─── RAW DATA
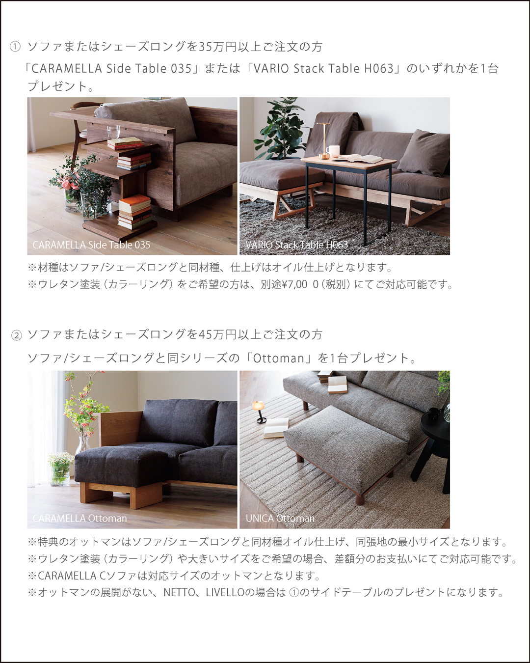 2. ソファ45万円以上ご注文で同シリーズの「Ottoman」を1台プレゼント
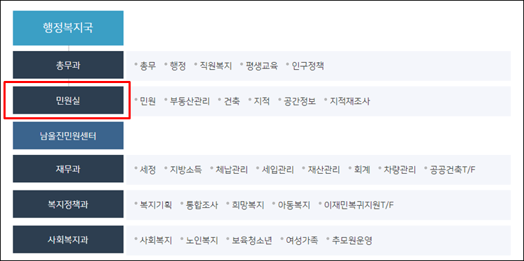 해당메뉴에서 군청안내의 조직도를 눌러 보시기 바랍니다.
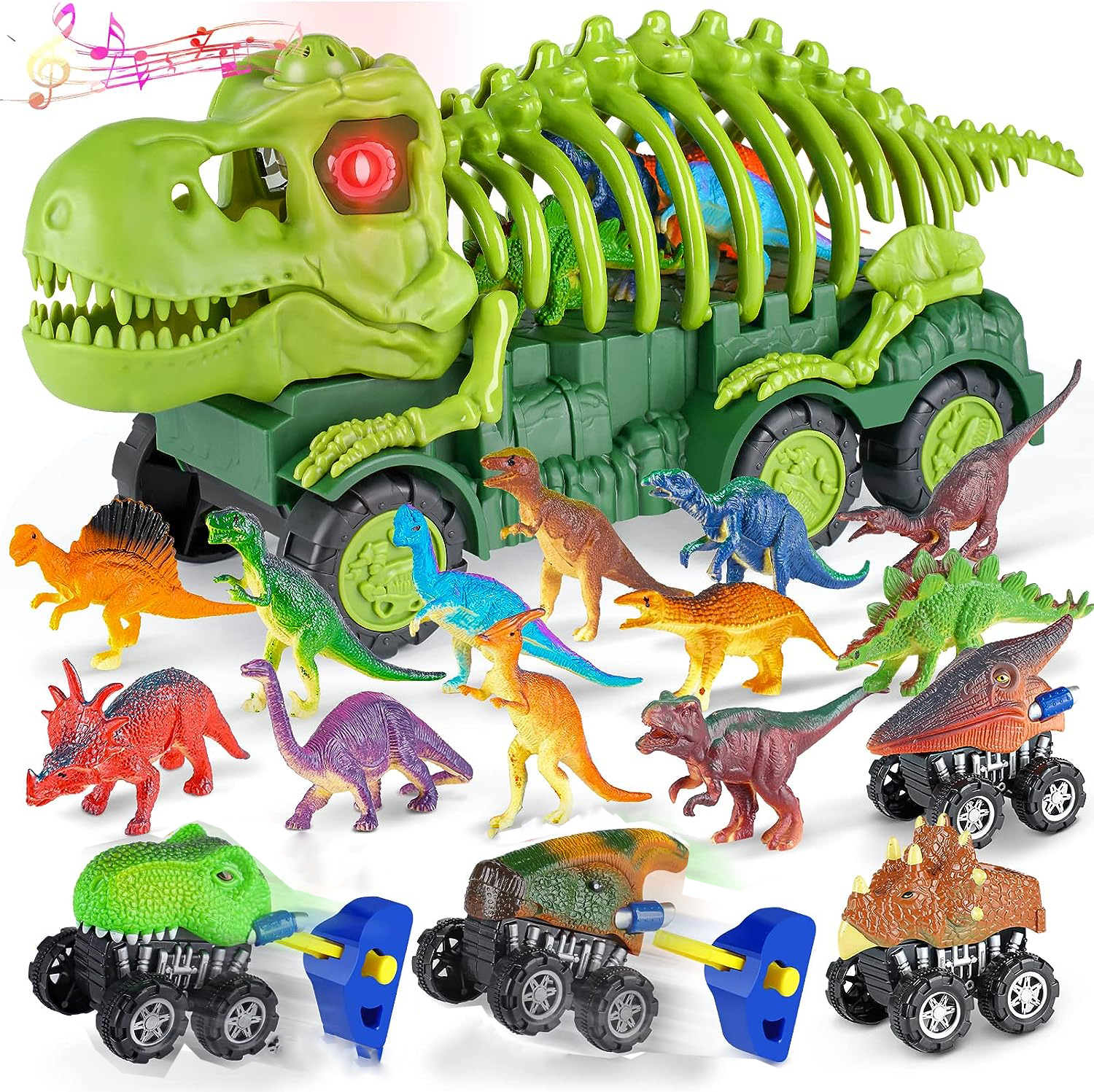 NAYAB Dinosaur Truck Toy for Kids, Dinosaur Skeleton Toys with Sounds and Lights, 12 Dinosaurs, 4 Mini Dino Cars, 50Pcs Dinosaurs Stickers Tyrannosaurus Rex Transport Gifts for Boys Girls
──────
### INSTRUCTIONS FOR THE TASK
Leaving the pictures out, give back each line above exactly.

### RESPONSE BELOW
 2. ソファ45万円以上ご注文で同シリーズの「Ottoman」を1台プレゼント
 해당메뉴에서 군청안내의 조직도를 눌러 보시기 바랍니다.
 NAYAB Dinosaur Truck Toy for Kids, Dinosaur Skeleton Toys with Sounds and Lights, 12 Dinosaurs, 4 Mini Dino Cars, 50Pcs Dinosaurs Stickers Tyrannosaurus Rex Transport Gifts for Boys Girls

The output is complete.